To explain with an example: when i is 0, it indicates that there is a data dependency relationship with the first-class performance operation Java IO. In a similar manner to that described above,

to explain with an example: when i is 0, indicating that an if branch control dependency relationship exists with the first-class performance operation Java IO;

to explain with an example: when i is 0, it indicates that a loop control dependency relationship exists with the first-class performance operation Java IO.

In step S400, the feature vectors corresponding to the configuration items are input into a trained qualitative performance influence model, and whether the configuration items influence the performance of the software system is determined, so as to obtain a configuration item set influencing the performance of the software system, where the qualitative performance influence model is obtained by training the feature vectors corresponding to the configuration items of the plurality of software systems.

In this embodiment, a qualitative performance impact model of a configuration item needs to be constructed, and then, for any brand-new target software system, after a corresponding feature vector is calculated for each configuration item of the target software system by the foregoing method, the feature vector is input into the constructed qualitative performance impact model, so that whether the configuration item affects the performance of the software system can be automatically determined, all configuration items affecting the performance of the software system are added to a configuration item set, and finally, all configuration items affecting the performance of the software system are obtained. The specific process is as follows:

first, several software systems are collected for building a training set. For each software system, the software system is run for multiple times under different configurations and the actual running time is recorded, and whether each configuration item of the software system actually affects the performance of the software system is judged. In addition, a feature vector corresponding to each configuration item in the software system is constructed, and then training set data can be obtained.

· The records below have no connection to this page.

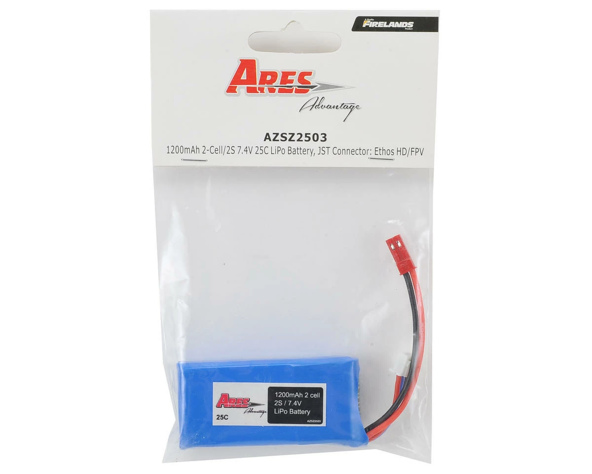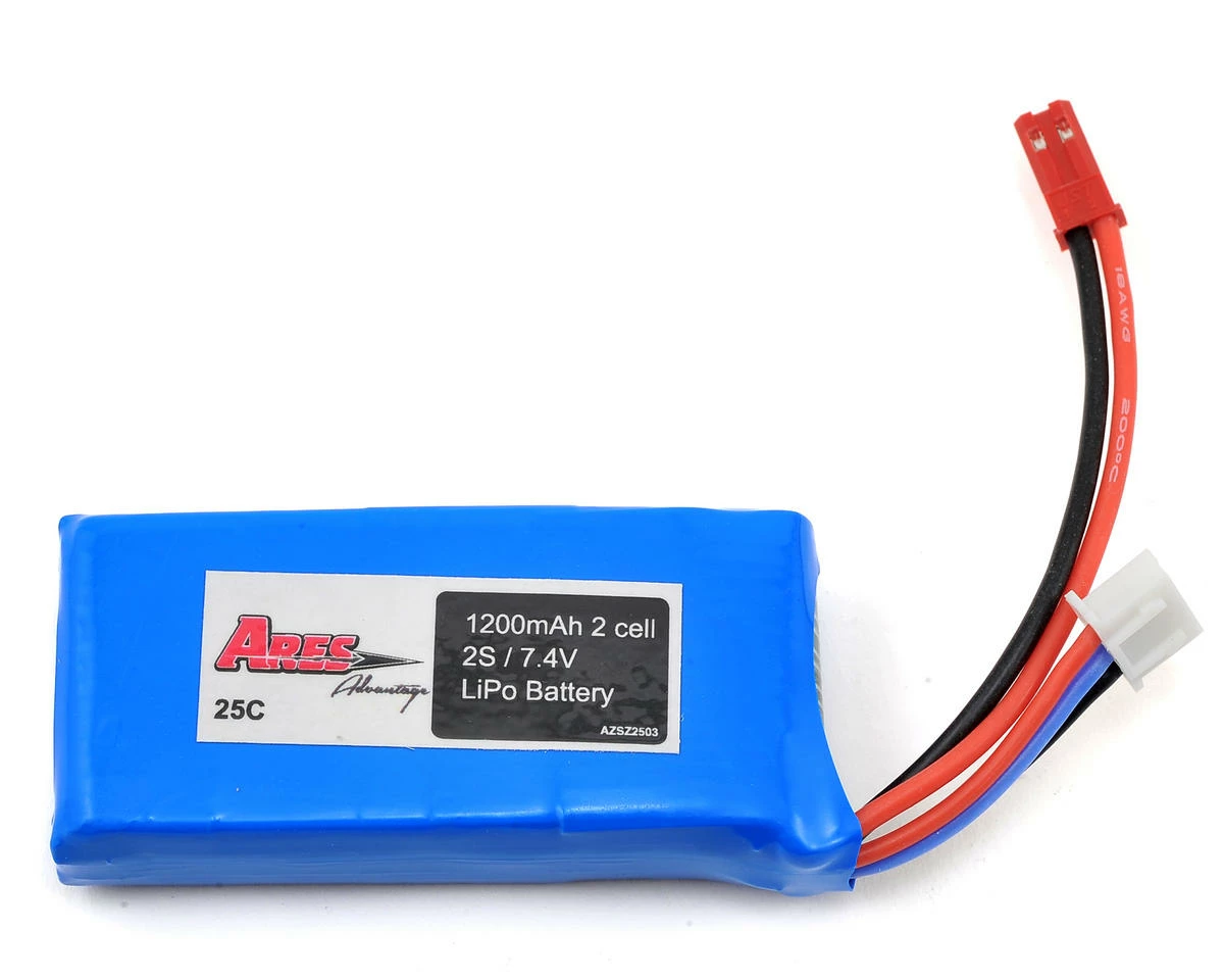 This is an Ares 25C LiPo Flight Battery with a JST connector. This battery is a 2S with 7.4 Volts and 1200mAh capacity.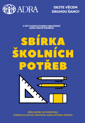 Chceme tímto oslovit občany (organizace, firmy), kteří budou chtít podpořit děti ze sociálně slabších rodin, aby případné školní pomůcky (ať již použité či nové) donesly do jednoho z našich ADRA obchůdků. Tato sbírka školních potřeb se stane součástí našeho nabízeného sortimentu v obchůdcích, tak jako veškeré jiné darované zboží. Předem děkujeme za Vaši podporu v duchu „Pomáhejme s rozumem, ale i s citem“!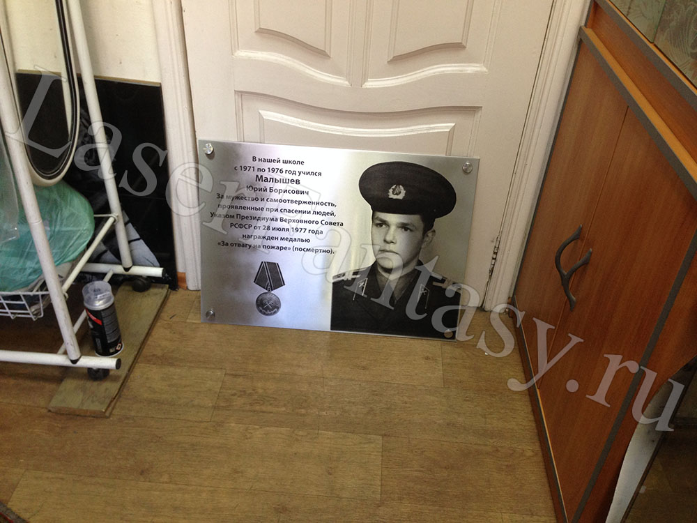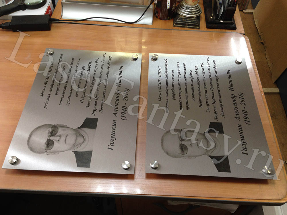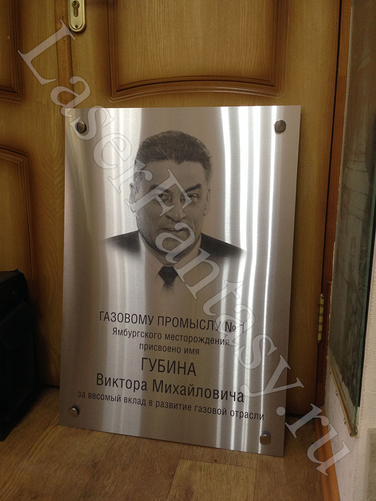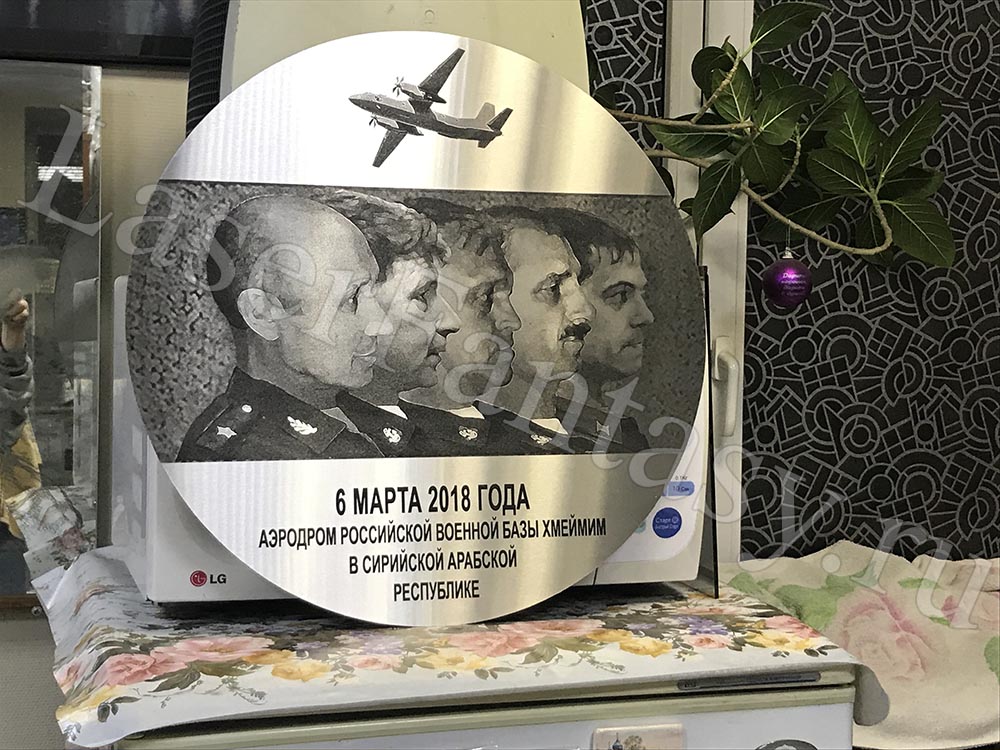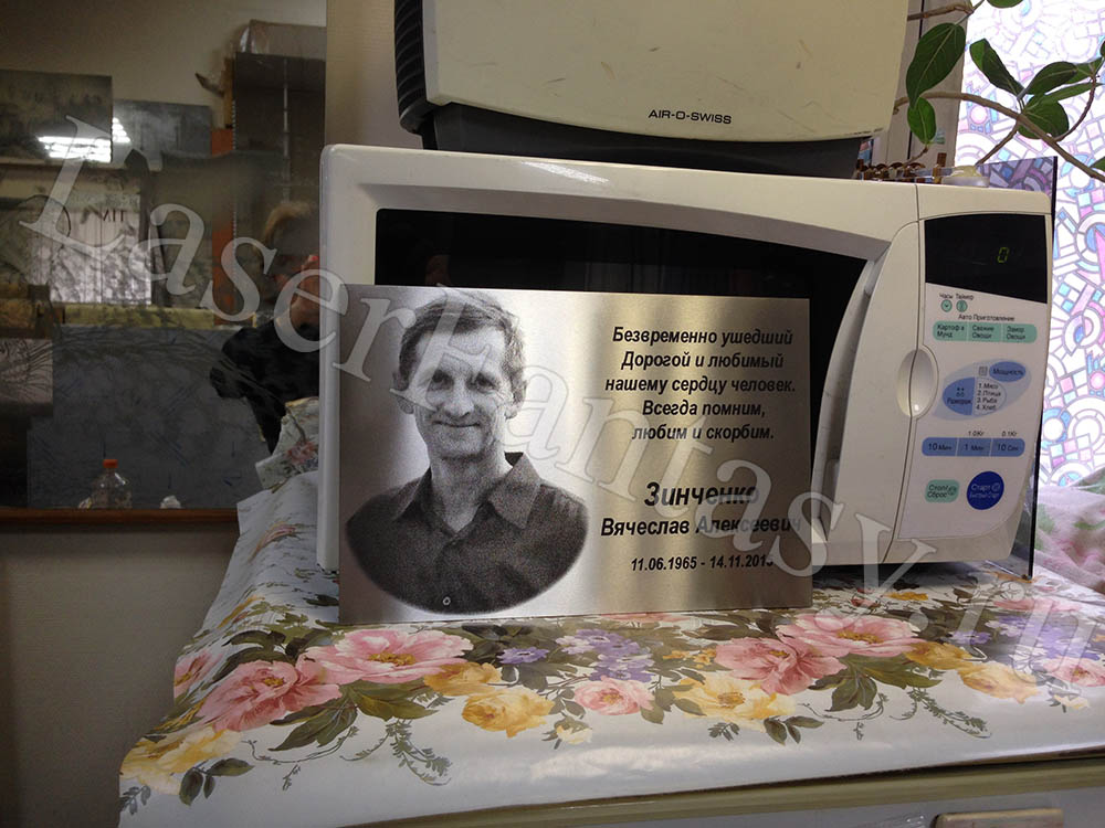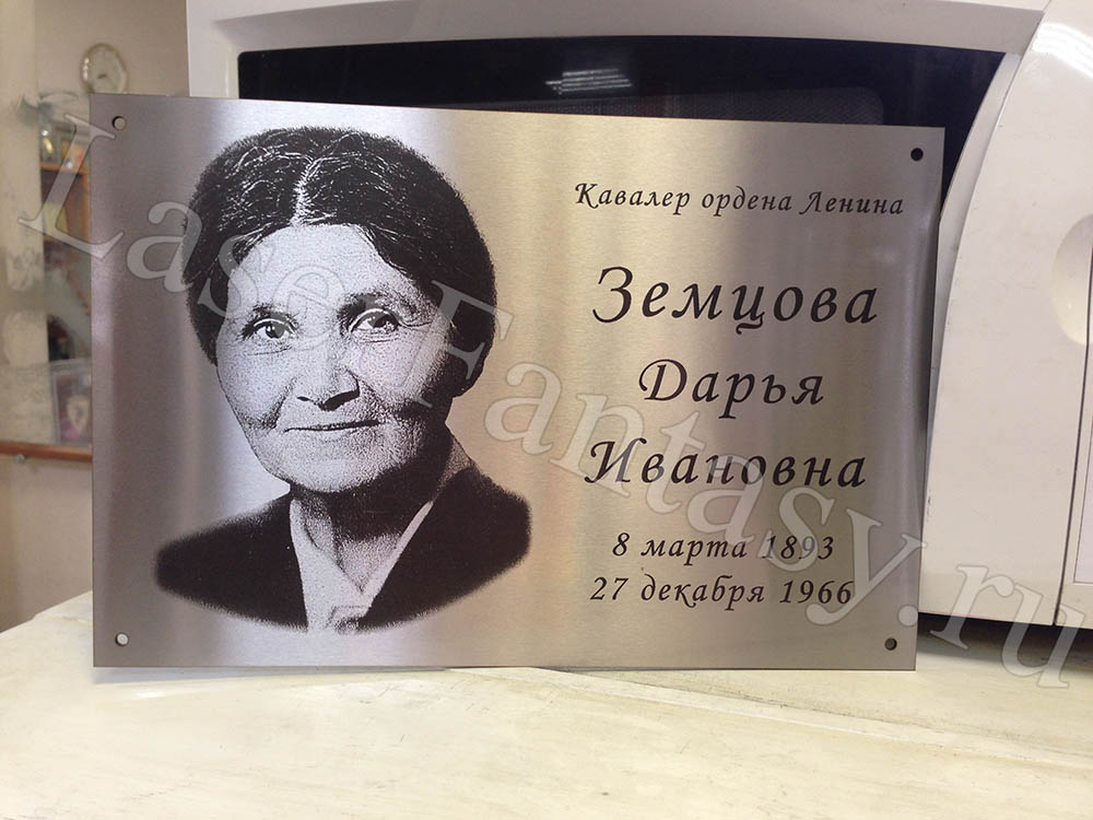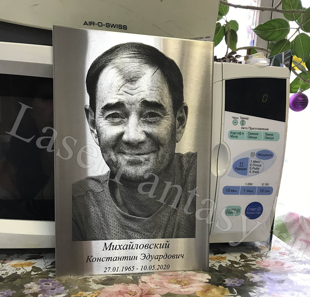 Гравировка портрета и текста на нержавейке 300х200х2мм -

Then, the present embodiment establishes a qualitative performance impact model of the configuration item, which is composed of a random forest classification model and a cDEP configuration item dependent detector, as shown in fig. 10. The training of the random forest model uses a random forest algorithm in a sklern library, and the key point is to divide the feature vectors into a training set and a testing set for constructing the random forest classification model RandomForestClassifier.

In this embodiment, a feature vector is constructed for each configuration item, and the dimension of the feature vector is positively correlated with the number of classes in which performance operations have occurred in the target software system, so the dimension of the feature vector corresponding to the configuration item is usually high. In addition, because the functions of each software system are different, the frequency and the characteristics of performance operations of different classes of software systems (such as computation-intensive or memory-intensive) are obviously different, and the data of the constructed training set is likely to be unbalanced.

Because the random forest has the advantages of being not easy to over-fit, capable of processing high-dimensional data, capable of balancing errors of the classification data set and the like, the problems can be solved, and the random forest can be used for learning a plurality of classification rules with interpretability, the random forest classification model is adopted for carrying out secondary classification on whether the configuration items influence the performance of the software system, and the problem of influence of the configuration items on the performance of the software system is preliminarily and qualitatively answered.

The present embodiment has not considered the dependency relationship between configuration items so far, but considers each configuration item as an independent configuration item. However, in fact, there may be dependency relationships between configuration items of the software system, and when the configuration is adjusted, the configuration items with dependency relationships are usually considered together.

The present example considers that: if the configuration item Option is dependent on configuration item Option B, and the configuration item Option has an effect on software system performance, Option B also has an effect on software system performance.

cDEP is a test tool for finding configuration item dependencies, proposed by Qingrong Chen et al in 2020. In order to take the dependency relationship between the configuration items into consideration, the present embodiment further modifies and perfects the classification result of the random forest classification model by using the dependency relationship between the configuration items in the cDEP detection software system.

In this embodiment, the modifying the classification result of the random forest classification model by the configuration item dependency detector includes:

when the first configuration item of the software system depends on the second configuration item, if the random forest classification model judges that the first configuration item influences the performance of the software system and the second configuration item does not influence the performance of the software system, the cDEP configuration item dependence detector corrects the second configuration item to influence the performance of the software system.

According to the method for analyzing the influence of the configuration items on the performance of the software system, the time intensive operation or the space intensive operation which has a dependency relationship with the configuration items is tracked by adopting a program analysis technology, corresponding feature vectors are constructed for the configuration items according to program analysis results, the granularity can be fine to the configuration items, the method is not limited to Boolean types or exhaustive finite numerical value types, and any type of configuration items can be supported; the method has the advantages that a qualitative performance influence model is established by using a random forest, time-consuming local measurement operation is not needed, whether a specific configuration item influences the performance of the configurable system can be judged only by analyzing the source code of the software system once, the cost of performance analysis is greatly reduced, whether each configuration item of the software system influences the performance of the software system can be accurately predicted on the premise of not running the software system, a configuration item set which really influences the performance of the software system can be found, the efficiency of software system configuration can be improved, and the method is favorable for correctly configuring the software system to improve the performance of the software system. In addition, the embodiment of the invention has interpretability, and the bottom layer reason of the influence of the configuration item on the performance is known through the program analysis result and the classification rule of the performance model.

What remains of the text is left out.